I stack the rinsed dishes into the drying rack, wiping my hands on a dishtowel as Quinn returns, her brave shirt clutched in one small fist.

“Mr. Leif?” Her voice is small again. “What if the teacher makes me tell the class about myself?”

I hang the towel to dry. “What would you want them to know about Quinn Wright?”

She twists the fabric between her fingers. “I have a service dog named Sprinkles who helps me be brave. And I can name all the constellations in the summer sky.”

“Perfect,” I say, watching her shoulders relax. “What else?”

“Maybe…that I lived in a cabin in the woods, but now I live in a big house with my uncles, and you’re my nanny?”
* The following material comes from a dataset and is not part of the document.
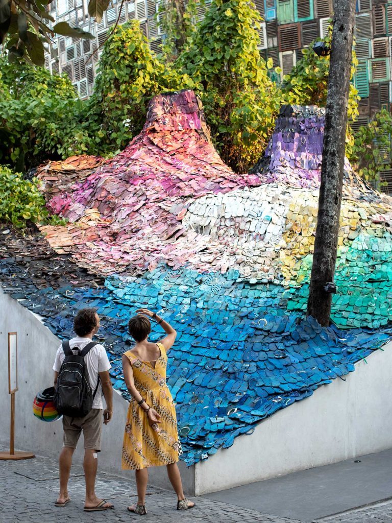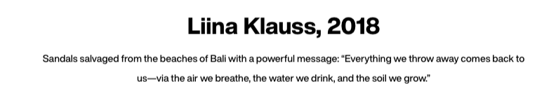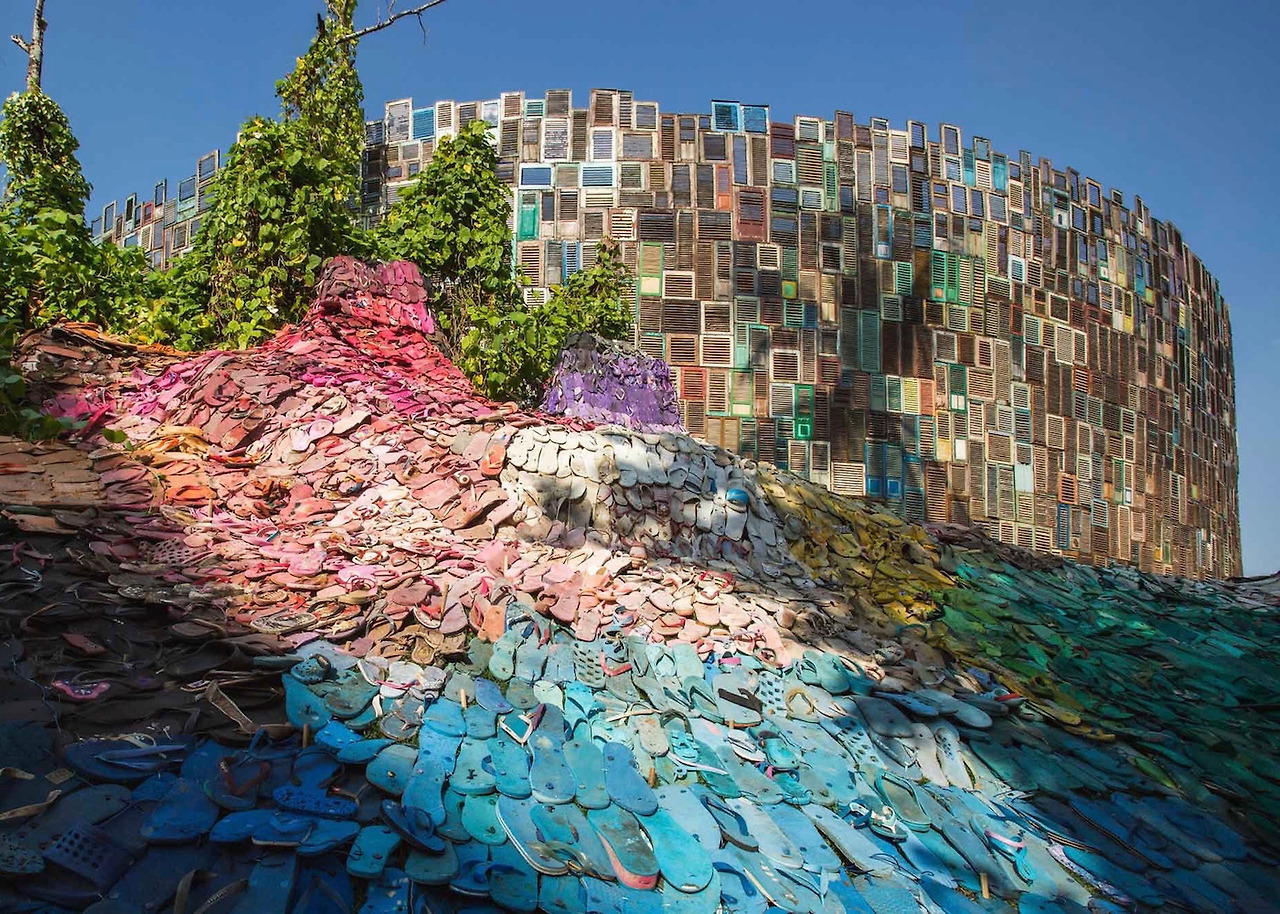 2018년 Future Design Week에서 아티스트 Liina Klauss는 발리의 해변가에 버려진 5000개의 샌들로 설치미술을 제작하여, “우리가 버리는 모든 것은 다시 우리에게 돌아온다”라는 메시지를 전하기도 했는데요, 어마어마한 양의 샌들이 모여 마치 지구를 삼킬듯한 임팩트와 함께 색색가지의 조합으로 놀라움을 자아냅니다.

“Good.” I pick up a pencil from the table, rolling it between my fingers. “And if anyone asks about before you came to Pinecrest?”

Quinn’s enthusiasm dims. “I say that’s private family stuff, and they can talk to Uncle Blake if they have questions.”

The pencil bends under the pressure of my grip, and I force my fingers to relax before it snaps. “Perfect.”

She bounces toward the kitchen, attention already shifting. “Will there be kids who like sea creatures? Will we have playground time? Do I have to share my crayons?”

I follow her, listening to the stream of questions while my mind catalogs vulnerabilities. Teachers notice patterns for children who flinch at raised voices, who hoard food, and who struggle with transitions.

I met Quinn’s biological mother over the summer on one of her visits, and I hadn’t missed how strained their relationship was. Blake had explained a little to me about the history of abuse and alcoholism that led to child neglect. It makes me want to bubble wrap Quinn and save her from the curiosity of her peers.